Abstract
Background
Absolute lymphocyte counts (ALC) during treatment have been associated with outcome in children and adults with hematologic malignancies. However, the impact of ALC relative to that of other prognostic factors on the outcome of children with acute lymphoblastic leukemia (ALL) treated in recent trials is unknown.
Methods
Outcomes of 399 patients ≤ 18 years of age with newly diagnosed ALL who were enrolled in the Total Therapy XV study at St.

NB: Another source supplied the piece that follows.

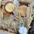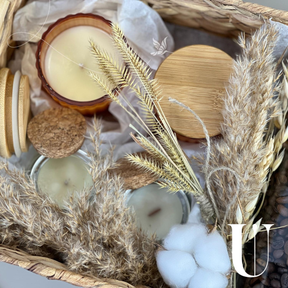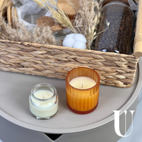 - Ароматические свечи ручной работы из натурального соевого и кокосового воска. Свеча выполнена в небольшом стеклянном подсвечнике с крышкой из пробкового материала. Объем свечей 2 по 140 мл, 2 по 70 мл.
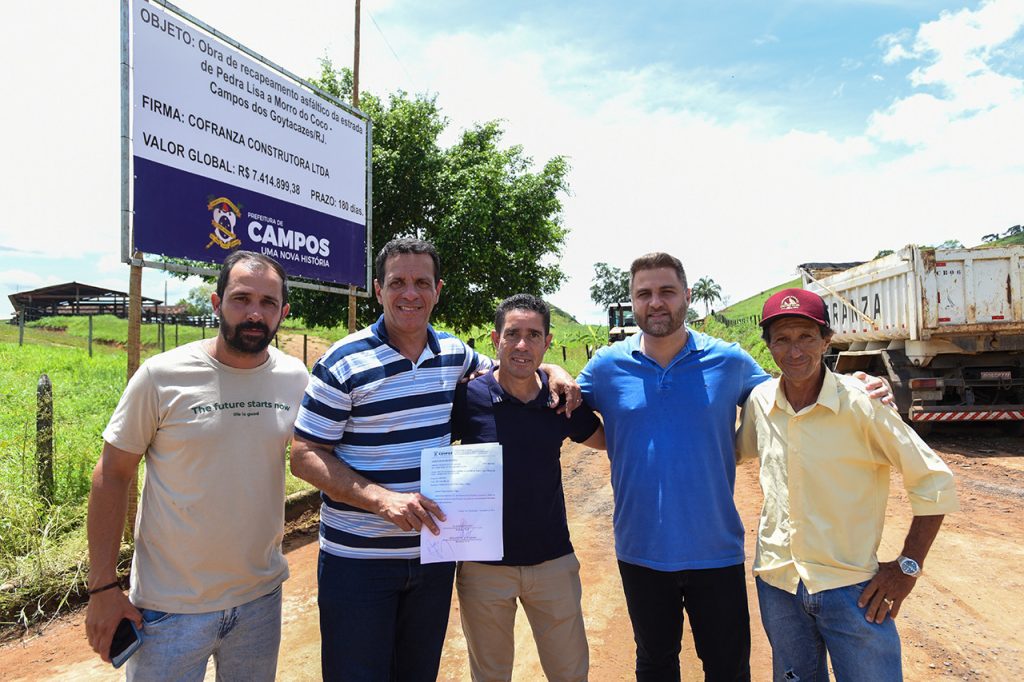 Após inspecionar nesta quarta-feira (11) estradas no interior do distrito de Morro do Coco, o Prefeito Wladimir Garotinho, acompanhado do Secretário de Obras, Fábio Ribeiro, do Subsecretário da pasta, José Fernando Guedes, além de engenheiros da secretaria e do vereador pastor Marcos Elias, assinou Ordem de Serviço (OS) para início das obras de reconstrução da estrada que liga a localidade de Pedra Lisa à sede do distrito.

Jude Children’s Research Hospital were analyzed according to ALC at the end of remission induction therapy.
Results
ALC ≥ 500 cell/μL was significantly more prevalent among patients with B-lineage ALL, favorable presenting features and in those who achieved minimal residual disease (MRD) negativity on day 43 of treatment. Both overall survival (OS) and event-free survival (EFS) were superior among patients with higher ALC, but only the association with OS was statistically significant in a univariate analysis. In multivariable analyses, ALC was not a significant predictor of outcome after controlling for age, leukocyte count, lineage, risk group, and MRD at the end of induction (p > 0.1 for all comparisons). However, among MRD-negative patients, those with low ALC had a 5-year OS of 84.2% ± 8.9% versus 97.3 ± 1.0 for patients with higher ALC (P = .036).
Conclusion
ALC at the end of induction is related to favorable presenting features and good initial treatment response but does not independently predict outcome in the context of contemporary, MRD-guided, therapy.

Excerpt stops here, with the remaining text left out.